I like to imagine that this is the relationship that Jesus has formed with Peter, James, and John over the years. Jesus knew that, at the top of that mountain, everything would change. He brought them there, away from the rest of the disciples and the crowds, to see him more fully than he had ever been seen.
On this mountaintop, the full person of Jesus is revealed to his friends. All of the disciples have borne witness to the humanity of Jesus as they walk alongside him in ministry. Peter, James, and John bear witness, here, to the divinity of Jesus, the glory of God displayed dramatically on this mountaintop.
Jesus has always been this person, this man fully human and fully divine. But this moment reveals to his closest friends another layer of his innermost self. They now know Jesus more deeply than he has ever been known by anyone but God.
Traditionally, we read this story and we say that Jesus is changed. This Gospel author and the author of Mark write that he was “transfigured before them” while Luke says “the appearance of his face changed”. But as I read this whole passage, it is clear to me that who is truly changed are Peter, James, and John. They went up this mountain with one understanding of Jesus and of the road ahead, and went down it with absolutely blown minds. They saw Jesus shine like the sun; they saw Moses; they saw Elijah; they heard the voice of God thunder from the clouds above. Even though their experiences as disciples of Jesus are pretty unusual, this is not your average day-in-the-life, even for them.
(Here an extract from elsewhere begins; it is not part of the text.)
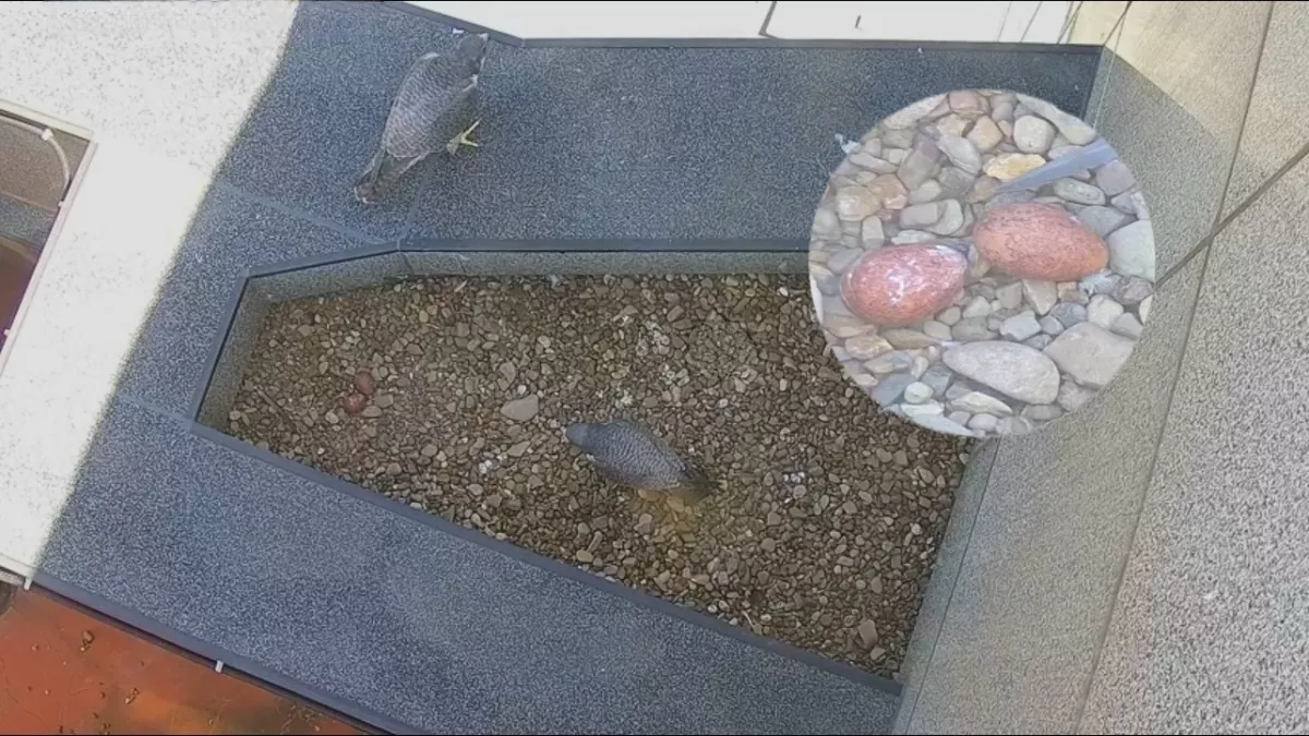 В этом году у сокола новая партнерша, поэтому брачный период затянулся несколько дольше обычного. Как правило, он занимает около 19-21 дня после их возвращения. По прогнозам, первый птенец появится через 35-36 дней после

We know this, in part, because they fall to the ground and are overcome by fear.
Jesus is not the one who has been fundamentally altered by this experience. Rather, his true nature, the wholeness of who God created him to be, is on display. He has, if you will, come out to his friends—as the Son of God, as the fulfillment of the law and the prophets, as the Messiah for whom they have long waited. He is who he has always been, but they can now see.
There is a parallel to be explored between this story and that of our queer and transgender siblings.
Created in the image of God, beloved as they are and as they are becoming, queer and trans people show their most trusted friends and family the wholeness of who they are. The experience of “coming out” or, as it has been otherwise described, “letting people in”, is not the moment at which queer and trans people become queer or trans. For as long as they have known the truth about themselves, they have been who they are. It is just the moment when we, if we are so lucky, are invited to see them fully.
Inviting Peter, James, and John to fully see him was a risk that Jesus took. What if they weren’t prepared for what it meant for them? What if they ran down the mountain, telling everyone that Jesus was a demon, possessed by something treacherous and unknown? What if they hurt him? What if they deserted him?
I am, daily, inspired by my beloved queer and trans friends and family, who live into the fullness of God’s image, despite the risk. I can learn from their example, and from the example of Jesus, to not shy away from my own wholeness. God created me to be this person, in this body, in order to bear God’s image to others. When I love this body, and this mind, and share my truth with everyone, I celebrate the God who created me.
Who are you, in your fullness?
Who do you allow to see the whole truth of who you are?
And, similarly, who shows you their true self?
For whom are you a safe place for the whole truth?
Today, having seen Jesus for the fullness of who he is, we follow him down the mountain, and spend the next several weeks journeying toward Jerusalem. As we enter the season of Lent, we repent of our sin and turn toward the God who sees us and loves us, just the same. Amen.